### [TASK DETAILS]
Retype only the lines that run from the top of the material below to the line bearing "コットンショーツ 5枚セット 綿", inclusive, and keep the pictures out.

### [RECORDED DATA]
------------------------------------------------------------

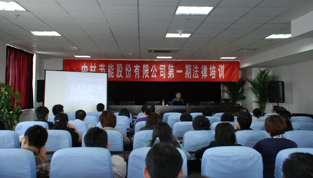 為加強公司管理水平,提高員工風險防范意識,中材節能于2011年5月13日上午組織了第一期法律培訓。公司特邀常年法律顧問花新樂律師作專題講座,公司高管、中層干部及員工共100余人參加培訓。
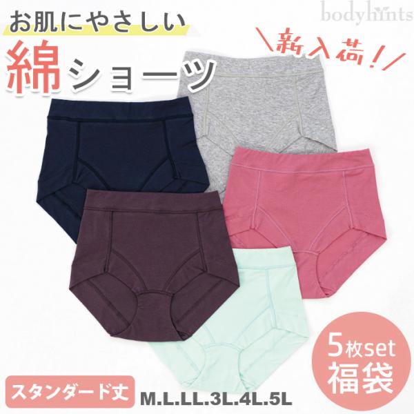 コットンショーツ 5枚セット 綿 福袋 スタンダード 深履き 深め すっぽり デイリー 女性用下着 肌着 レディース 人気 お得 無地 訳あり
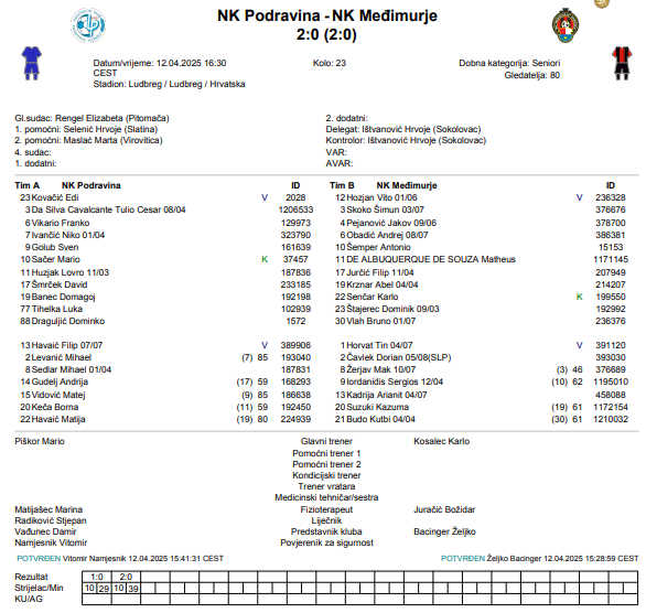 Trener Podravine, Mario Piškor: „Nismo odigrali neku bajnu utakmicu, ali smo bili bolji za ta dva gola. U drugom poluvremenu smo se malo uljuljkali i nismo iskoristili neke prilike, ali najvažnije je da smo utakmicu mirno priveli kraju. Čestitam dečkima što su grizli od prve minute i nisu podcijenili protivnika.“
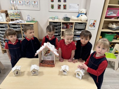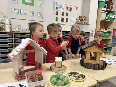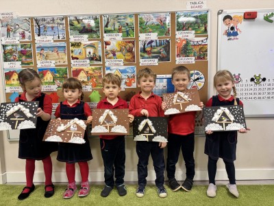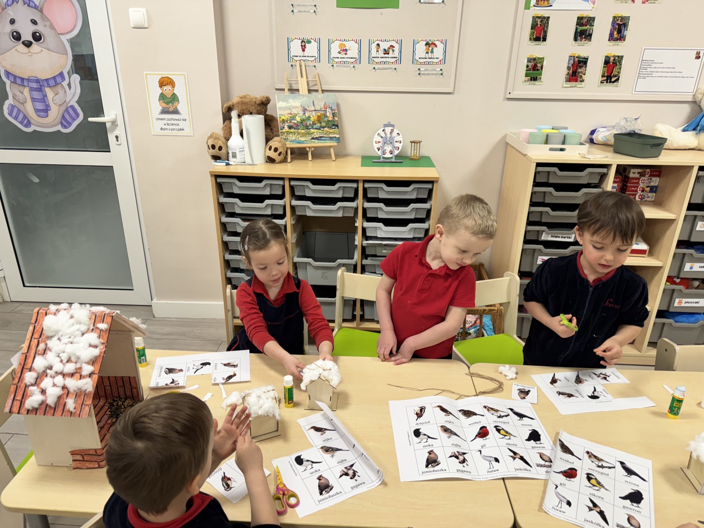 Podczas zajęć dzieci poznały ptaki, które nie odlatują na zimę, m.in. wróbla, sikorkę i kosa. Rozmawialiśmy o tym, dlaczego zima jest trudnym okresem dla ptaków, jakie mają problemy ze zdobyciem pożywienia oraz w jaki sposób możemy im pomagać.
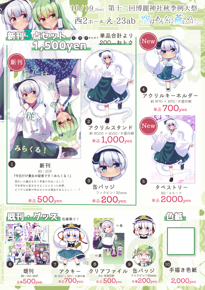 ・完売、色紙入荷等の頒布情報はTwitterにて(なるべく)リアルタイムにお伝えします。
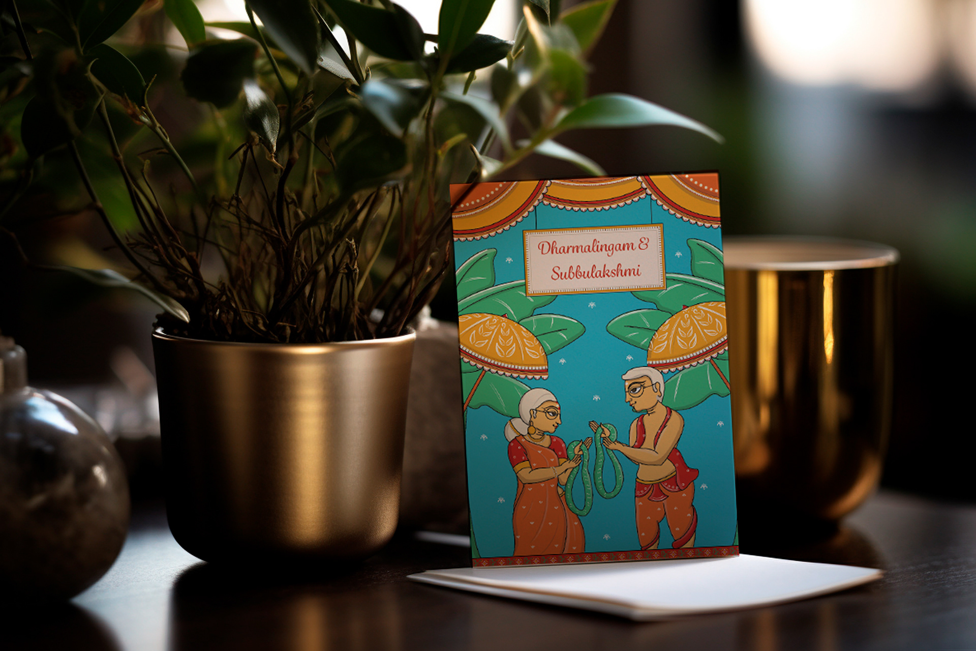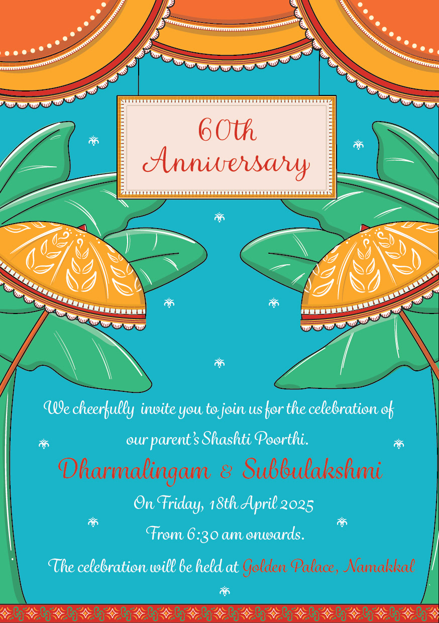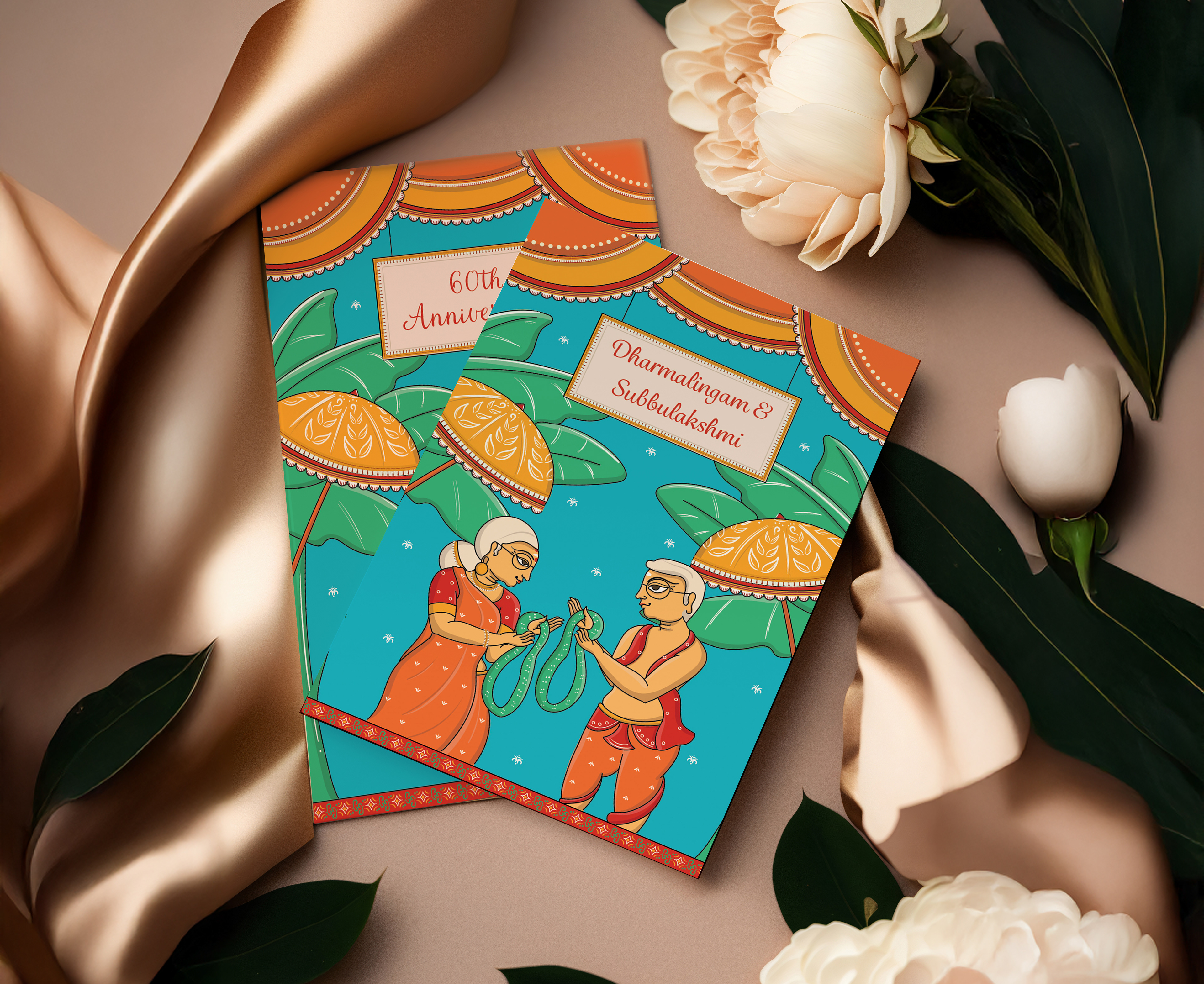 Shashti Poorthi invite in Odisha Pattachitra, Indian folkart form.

------------------------------------------------------------

### [RESULT]
 為加強公司管理水平,提高員工風險防范意識,中材節能于2011年5月13日上午組織了第一期法律培訓。公司特邀常年法律顧問花新樂律師作專題講座,公司高管、中層干部及員工共100余人參加培訓。
 コットンショーツ 5枚セット 綿 福袋 スタンダード 深履き 深め すっぽり デイリー 女性用下着 肌着 レディース 人気 お得 無地 訳あり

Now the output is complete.